5. Many famous creative people have bipolar disorder including Robin Williams and Carrie Fisher.
1. ED-NOS includes binge eating disorder; those who restrict, but have not lost enough weight to be anorexic; those who purge, but don't binge, so do not classify as bulimic. Basically it's for those who fall between the cracks of anorexia and bulimia.
2. Therefore, it is almost impossible to tell if someone has an eating disorder by the way they look. Not everyone who is fat has binge eating disorder and not everyone who is very thin is anorexic. Likewise, many people with eating disorders look like they don't have an eating disorder at all (on the surface, anyway).
3. ED-NOS is the most common type of eating disorder.
4. Eating disorders are the mental illness with the highest mortality rate.
5. Fortunately, it is absolutely possible to achieve full recovery from an eating disorder. I know, because I have. I'm going to write another post about that soon.
Borderline Personality Disorder - One has to have five out of nine characteristics to be diagnosed, but one usually has an intense fear of abandonment, mood swings that are shorter than those with bipolar, extreme sensitivity, impulsiveness, and frequent suicidal thoughts and gestures.
1. There is a huge stigma against people with borderline, but people with borderline are not monsters or terrible people. In fact, one of the most positive things about this diagnosis is that it is proven that people with borderline can change.

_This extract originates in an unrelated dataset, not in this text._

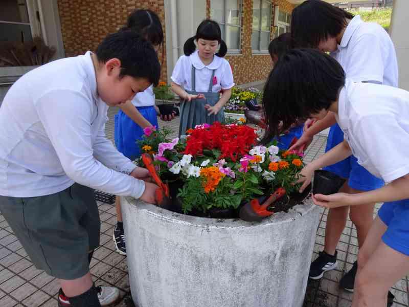 園芸美化委員会のみんなで、人権についてのお話を聞かせていただいた後、花の苗を植えました。

2. Medications can treat some of the symptoms for BPD, but there is no medical cure.
3. Fortunately, with much talk therapy and Dialectical Behavioral Therapy, people with borderline can learn the skills necessary to cope with their personality and can even eventually become well enough that their diagnosis is no longer applicable. That doesn't happen with bipolar-bipolar has to be treated with medication for life!
4. Having borderline has nothing to do with stalking. I only feel the need to say that, because a friend of mine once exclaimed when I told her my new diagnosis, "but you don't stalk people!" I was very confused and didn't really know how to reply.
Fibromyalgia - It's like arthritis, only joints AND muscles are sore and achy. Fibro usually is also followed with Chronic Fatigue Syndrome.
1. Fibro pain varies widely from day to day, so just because I can do something one day doesn't mean that I'll be able to do it tomorrow.
2. Some people seem to go through remission and some people don't. Sometimes symptoms get worse and sometimes they get better. Mine seem to have gotten a bit better than when I was first diagnosed.
3. Many people with fibro also have depression. This still does not mean that it is okay to say, "If you would just learn how to manage your depression, then your pain would go away." That is incredibly invalidating and condescending.
4. People with fibro sometimes experience what is called "fibro fog," which is where they become confused and have trouble concentrating or remembering things. This is probably because of the pain or exhaustion. It can be very frustrating.
Whew! I wrote more than I thought I would! I hope that this post was helpful to you and that you learned a lot.